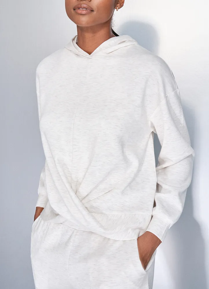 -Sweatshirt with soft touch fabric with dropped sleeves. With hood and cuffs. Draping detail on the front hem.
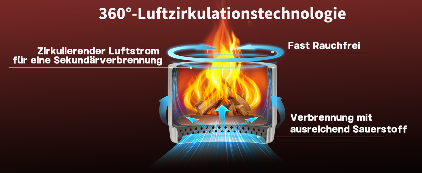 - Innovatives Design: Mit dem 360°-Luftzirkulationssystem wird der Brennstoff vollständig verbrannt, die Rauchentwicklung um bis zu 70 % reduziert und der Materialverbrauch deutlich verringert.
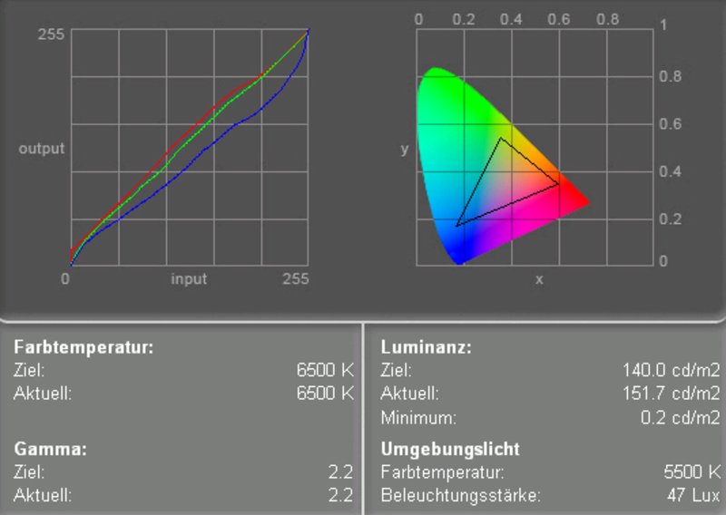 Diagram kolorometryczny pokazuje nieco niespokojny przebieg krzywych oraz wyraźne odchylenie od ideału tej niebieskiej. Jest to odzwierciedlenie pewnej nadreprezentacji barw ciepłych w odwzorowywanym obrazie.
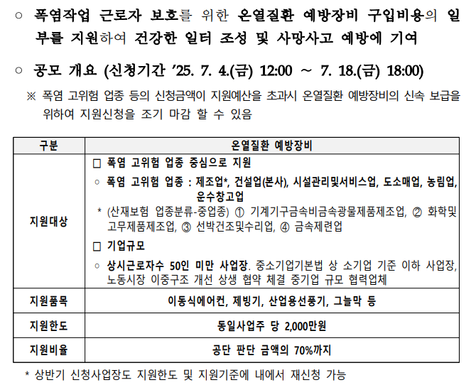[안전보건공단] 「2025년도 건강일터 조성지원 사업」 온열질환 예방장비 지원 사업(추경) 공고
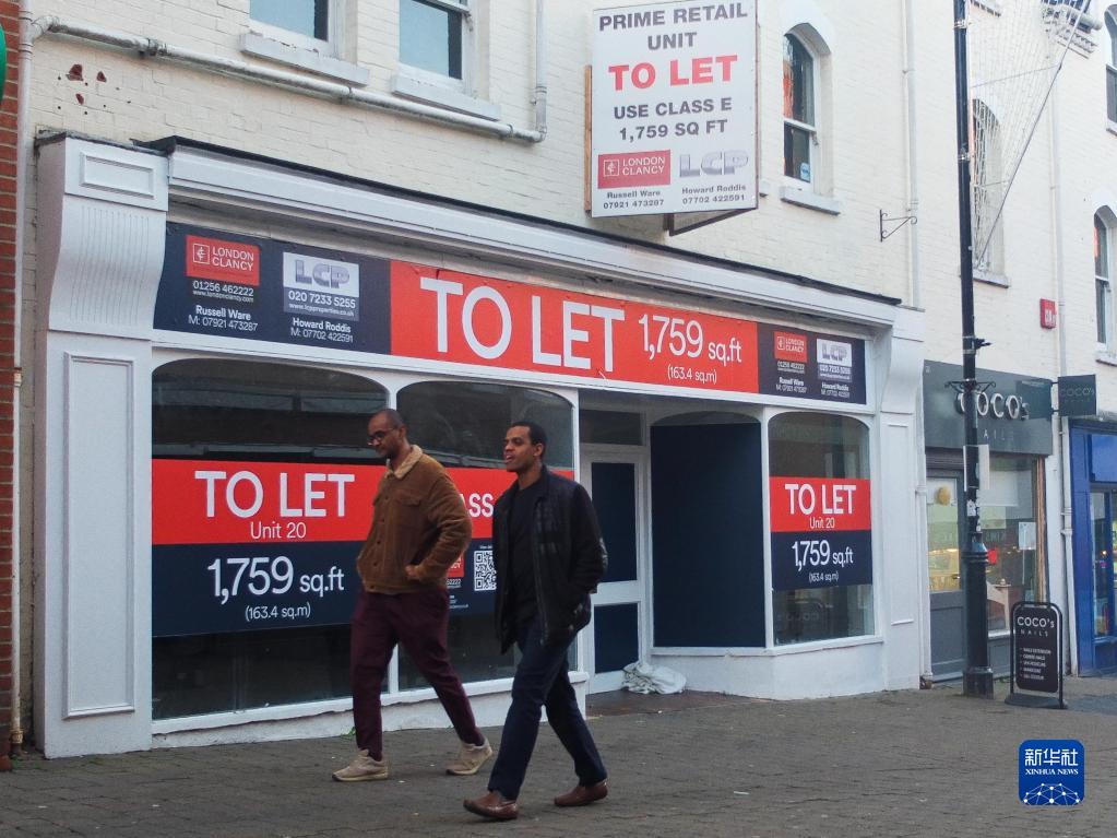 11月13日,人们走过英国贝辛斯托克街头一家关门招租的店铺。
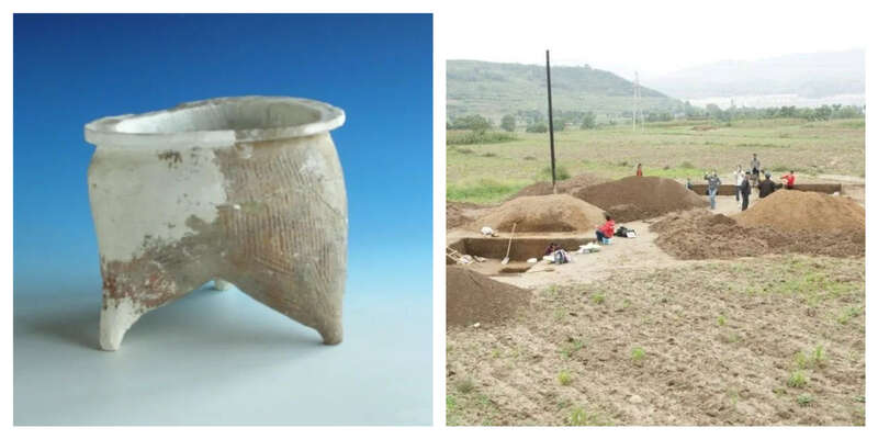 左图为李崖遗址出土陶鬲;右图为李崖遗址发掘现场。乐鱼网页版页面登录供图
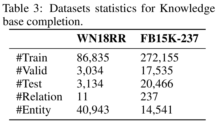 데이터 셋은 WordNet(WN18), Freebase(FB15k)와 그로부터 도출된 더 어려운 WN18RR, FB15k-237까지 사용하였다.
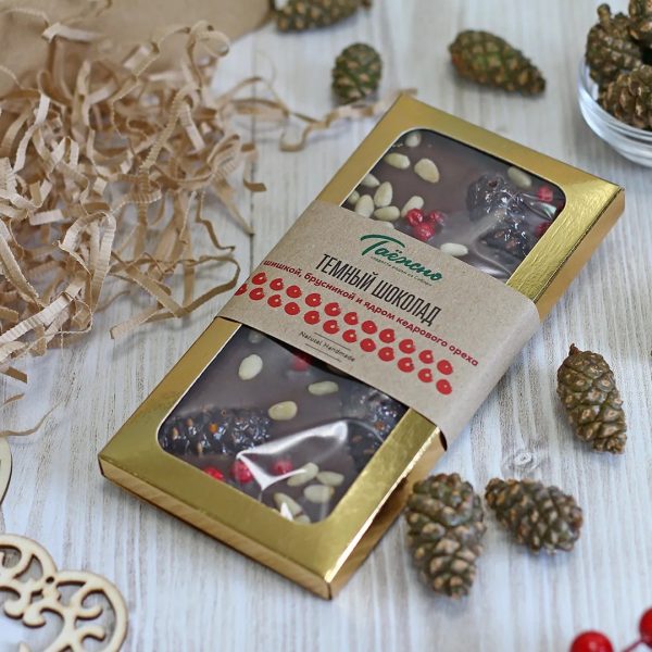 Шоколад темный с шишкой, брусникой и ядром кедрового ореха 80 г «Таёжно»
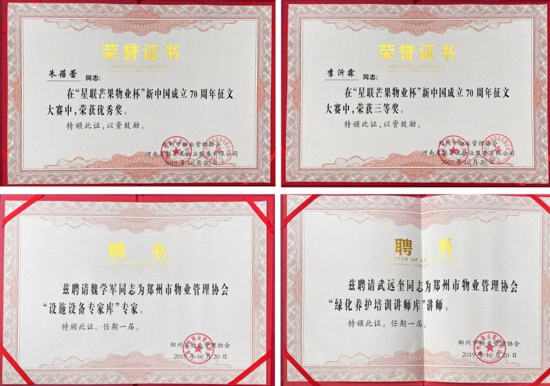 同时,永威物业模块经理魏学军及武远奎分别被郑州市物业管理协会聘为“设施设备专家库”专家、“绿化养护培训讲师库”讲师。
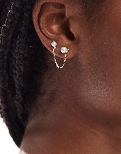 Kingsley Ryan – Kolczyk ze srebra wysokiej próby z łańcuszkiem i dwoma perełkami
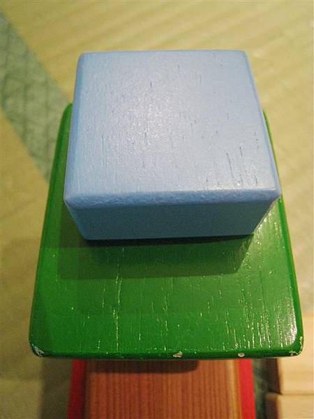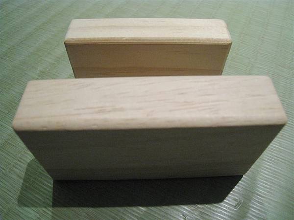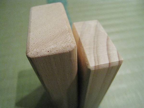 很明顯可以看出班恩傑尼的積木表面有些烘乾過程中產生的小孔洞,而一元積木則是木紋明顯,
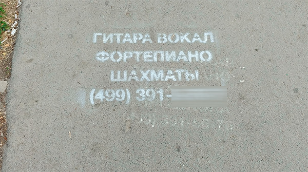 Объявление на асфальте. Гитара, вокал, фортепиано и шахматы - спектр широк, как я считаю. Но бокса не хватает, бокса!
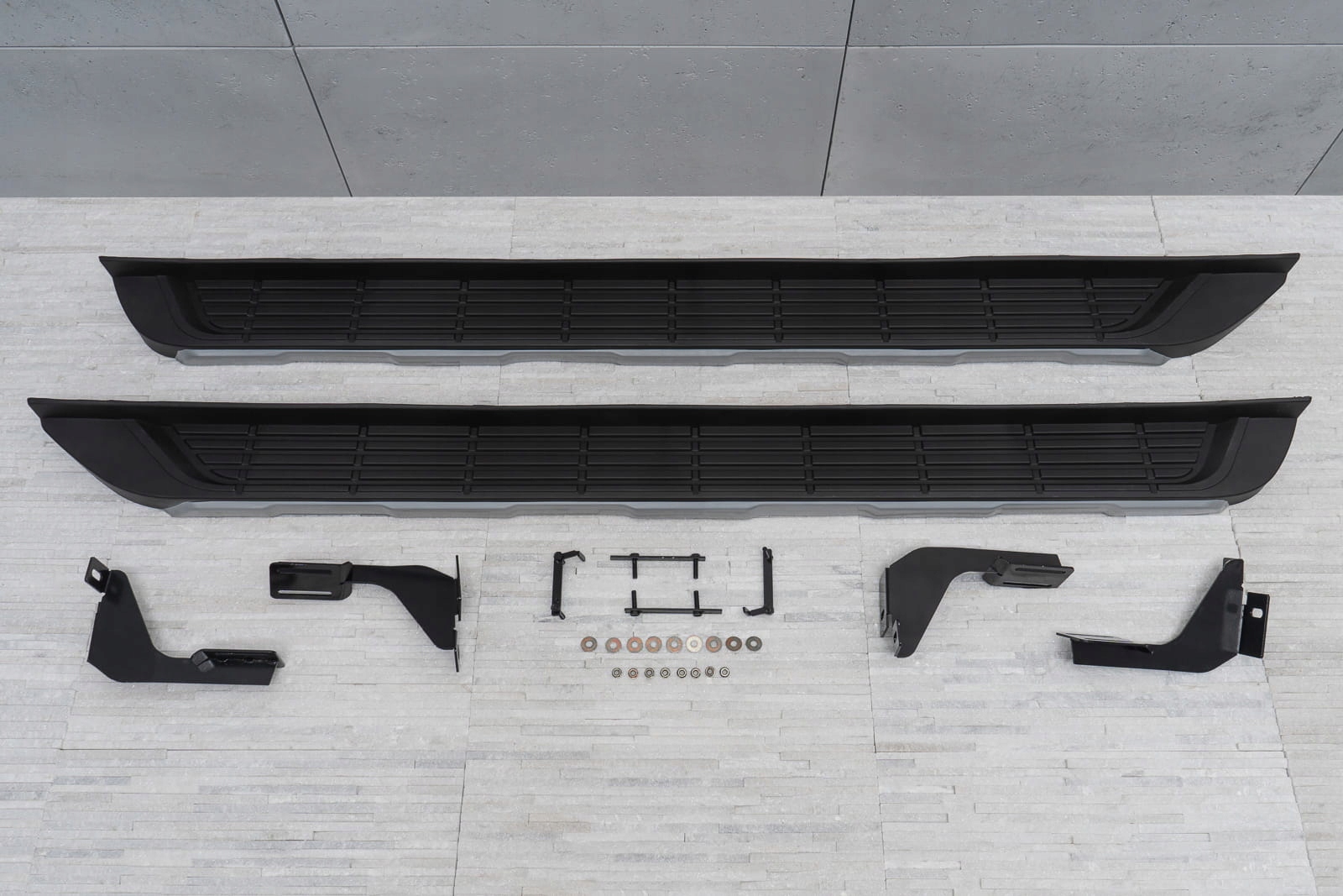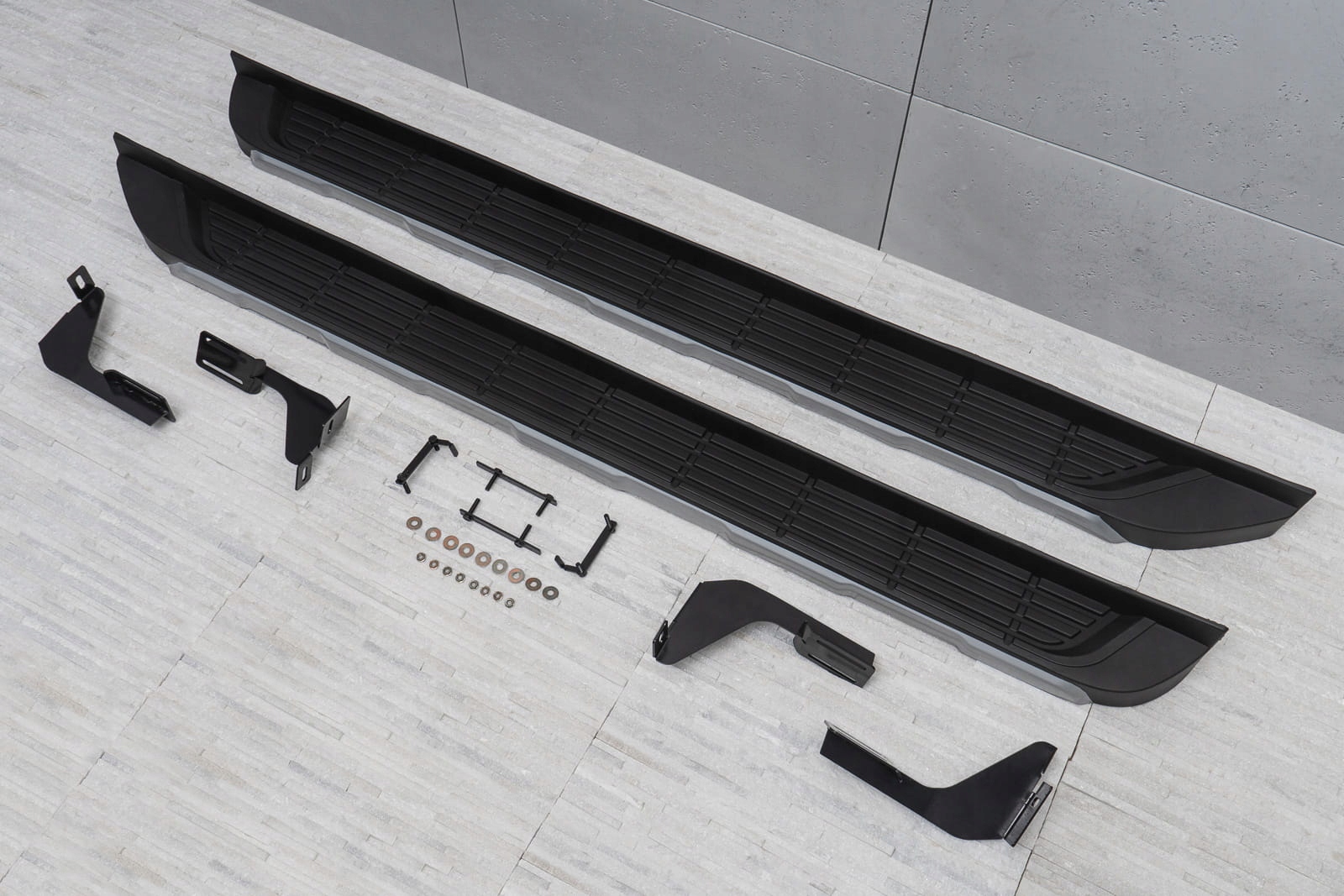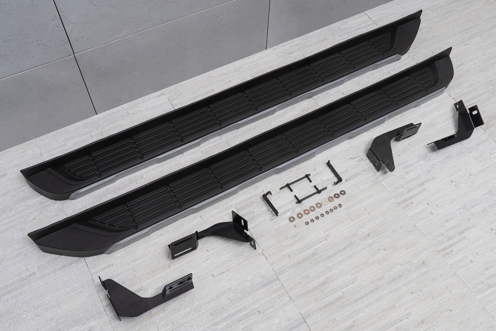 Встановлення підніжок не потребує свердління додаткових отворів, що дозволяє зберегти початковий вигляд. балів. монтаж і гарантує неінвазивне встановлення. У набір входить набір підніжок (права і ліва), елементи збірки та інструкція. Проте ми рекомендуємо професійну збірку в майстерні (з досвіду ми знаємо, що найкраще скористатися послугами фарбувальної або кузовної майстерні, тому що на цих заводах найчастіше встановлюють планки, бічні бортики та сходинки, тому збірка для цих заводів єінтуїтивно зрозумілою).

▶ _What is required_: Set out the material once more, exact in every line, with no images.

▶ _Response below_:
 -Sweatshirt with soft touch fabric with dropped sleeves. With hood and cuffs. Draping detail on the front hem.
 - Innovatives Design: Mit dem 360°-Luftzirkulationssystem wird der Brennstoff vollständig verbrannt, die Rauchentwicklung um bis zu 70 % reduziert und der Materialverbrauch deutlich verringert.
 Diagram kolorometryczny pokazuje nieco niespokojny przebieg krzywych oraz wyraźne odchylenie od ideału tej niebieskiej. Jest to odzwierciedlenie pewnej nadreprezentacji barw ciepłych w odwzorowywanym obrazie.
[안전보건공단] 「2025년도 건강일터 조성지원 사업」 온열질환 예방장비 지원 사업(추경) 공고
 11月13日,人们走过英国贝辛斯托克街头一家关门招租的店铺。
 左图为李崖遗址出土陶鬲;右图为李崖遗址发掘现场。乐鱼网页版页面登录供图
 데이터 셋은 WordNet(WN18), Freebase(FB15k)와 그로부터 도출된 더 어려운 WN18RR, FB15k-237까지 사용하였다.
 Шоколад темный с шишкой, брусникой и ядром кедрового ореха 80 г «Таёжно»
 同时,永威物业模块经理魏学军及武远奎分别被郑州市物业管理协会聘为“设施设备专家库”专家、“绿化养护培训讲师库”讲师。
 Kingsley Ryan – Kolczyk ze srebra wysokiej próby z łańcuszkiem i dwoma perełkami
 很明顯可以看出班恩傑尼的積木表面有些烘乾過程中產生的小孔洞,而一元積木則是木紋明顯,
 Объявление на асфальте. Гитара, вокал, фортепиано и шахматы - спектр широк, как я считаю. Но бокса не хватает, бокса!
 Встановлення підніжок не потребує свердління додаткових отворів, що дозволяє зберегти початковий вигляд. балів. монтаж і гарантує неінвазивне встановлення. У набір входить набір підніжок (права і ліва), елементи збірки та інструкція. Проте ми рекомендуємо професійну збірку в майстерні (з досвіду ми знаємо, що найкраще скористатися послугами фарбувальної або кузовної майстерні, тому що на цих заводах найчастіше встановлюють планки, бічні бортики та сходинки, тому збірка для цих заводів єінтуїтивно зрозумілою).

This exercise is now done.